When you provide us with your personal data, you acknowledge and agree that your data may be transferred to, stored, and processed in the United States, where data protection laws may differ from those in your country. We take all reasonable steps to ensure that your data is treated securely and in accordance with this GDPR Compliance Statement, and we require our third-party service providers to comply with applicable data protection laws.

9. Your Data Protection Rights (GDPR Rights)

Under certain circumstances, if you are a resident of the EEA or UK, you have rights under data protection laws in relation to your personal data. These include:

  • The right to be informed: You have the right to be informed about how your personal data is collected and used. This policy aims to provide that information.
  • The right to access: You have the right to request copies of your personal data. We may charge you a small fee for this service.
  • The right to rectification: You have the right to request that Nezvoro LLC correct any information you believe is inaccurate. You also have the right to request Nezvoro LLC to complete information you believe is incomplete.
  • The right to erasure (Right to be Forgotten): You have the right to request that Nezvoro LLC erase your personal data, under certain conditions.
  • The right to restrict processing: You have the right to request that Nezvoro LLC restrict the processing of your personal data, under certain conditions.
  • The right to object to processing: You have the right to object to Nezvoro LLC’s processing of your personal data, under certain conditions.
  • The right to data portability: You have the right to request that Nezvoro LLC transfer the data that we have collected to another organization, or directly to you, under certain conditions.
  • The right to withdraw consent: Where you have provided your consent to the collection, processing, and transfer of your personal data for a specific purpose, you have the right to withdraw your consent at any time.

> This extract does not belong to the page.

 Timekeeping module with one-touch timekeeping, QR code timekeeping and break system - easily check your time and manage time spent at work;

If you make a request, we have one month to respond to you. If you would like to exercise any of these rights, please contact us at support@nezvoro.com or by phone at +1 (718) 576-3845.

10. Cookies

Our website uses cookies to enhance your browsing experience, personalize content, and analyze our traffic. For detailed information on the cookies we use and your choices regarding cookies, please refer to our dedicated Cookie Policy (if applicable, otherwise this section serves as basic notice).

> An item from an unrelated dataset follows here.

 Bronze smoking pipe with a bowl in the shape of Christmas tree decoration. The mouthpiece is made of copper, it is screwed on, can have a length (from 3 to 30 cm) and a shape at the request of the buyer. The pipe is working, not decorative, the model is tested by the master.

11. Changes to Our GDPR Compliance Statement

We keep our GDPR Compliance Statement under regular review and place any updates on this web page.

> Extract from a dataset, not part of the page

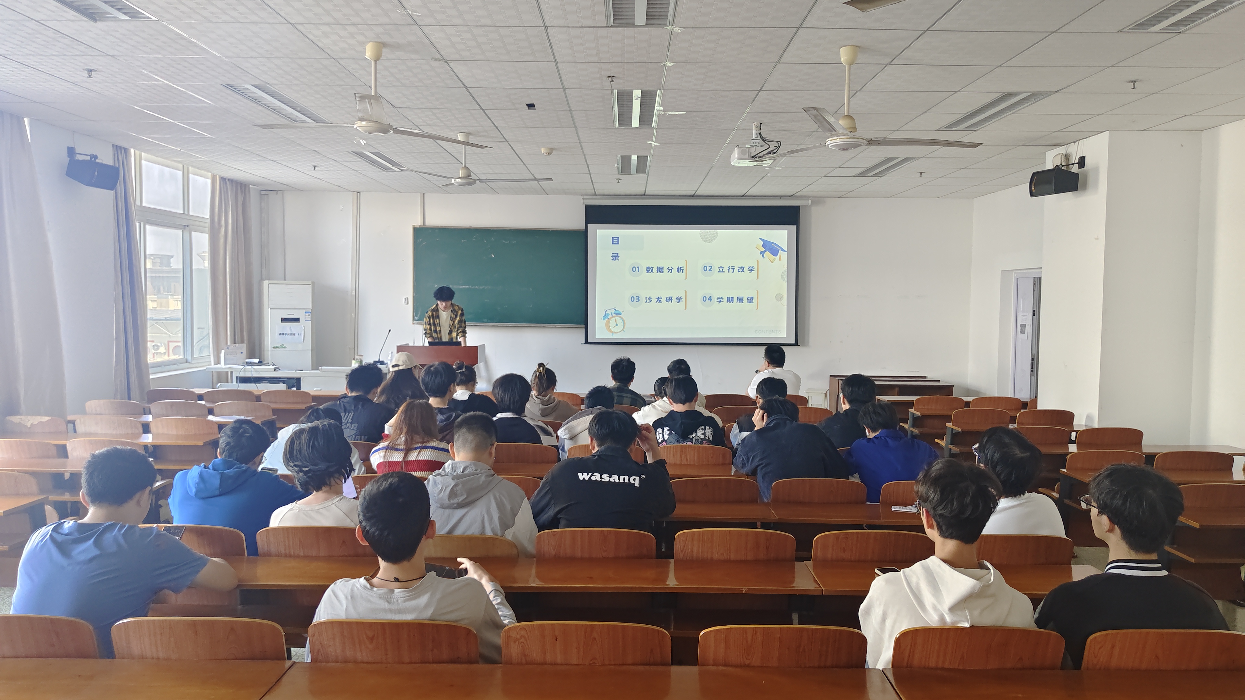 首先由丁虹杰对班级总体学情进行分析,针对同学们的平均学分绩点、核心课程成绩等数据进行了详细的横向与纵向对比,并对班级已取得的成绩如标兵班集体与四级通过率100%表达了赞许。通过对数据的解读,他也希望同学们能够更清晰地评估自己的学业水平,并识别出自身的问题所在。

12. How to Contact Us or Lodge a Complaint

If you have any questions about Nezvoro LLC’s GDPR Compliance Statement, the data we hold on you, or you would like to exercise one of your data protection rights, please do not hesitate to contact us:

Should you wish to report a complaint or if you feel that Nezvoro LLC has not addressed your concern in a satisfactory manner, you may contact the relevant data protection authority. For individuals in the EEA/UK, information on how to do so can be found on the website of your national data protection authority.